A 6-speed Getrag 420G manual transmission was introduced in 1994.

=== M-System wheels ===
The M5 came with an unusual wheel design. From 1988 to 1992, the M5 featured the three-piece Style 20 "M-System" wheels, which consisted of magnesium, unidirectional bolted-on wheel covers and an aluminium assembly with concentric fins that bolt on to the front of the black, 5-spoke forged aluminium wheel.

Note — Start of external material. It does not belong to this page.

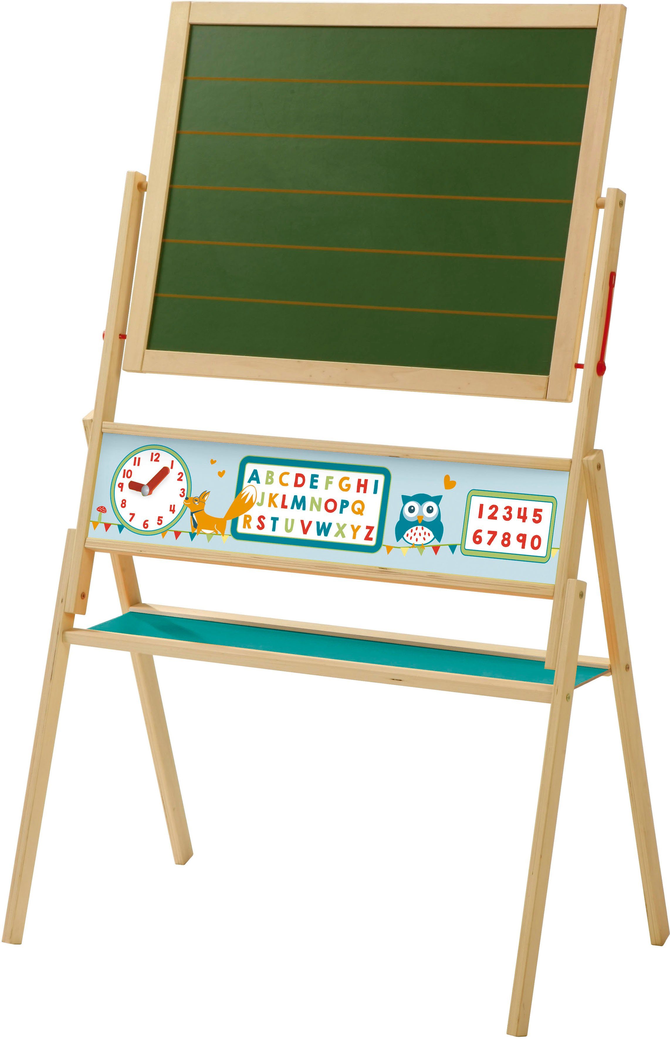 Ausstattung | Ablagefach, Aufgedrucktes ABC, Tafelseiten magnetisch und liniert, Uhr mit beweglichen Zeiger |

According to BMW, the cover increased outside airflow to the brake assembly by 25 percent to improve cooling.

In 1992 BMW changed the design to the "M-System II" (nicknamed "throwing stars") which improved brake cooling from the combination of the larger openings and fins placed in the driving direction.

In May 1994, the M5 switched to 18-inch Style 37 "M Parallel" wheels that did away with the finned cover entirely.

===Special editions===
There were four special editions of the E34 M5. The Cecotto, Winkelhock and 20 Jahre editions which were offered as LHD Euro specification models while the RHD UK Limited edition was only sold in the United Kingdom.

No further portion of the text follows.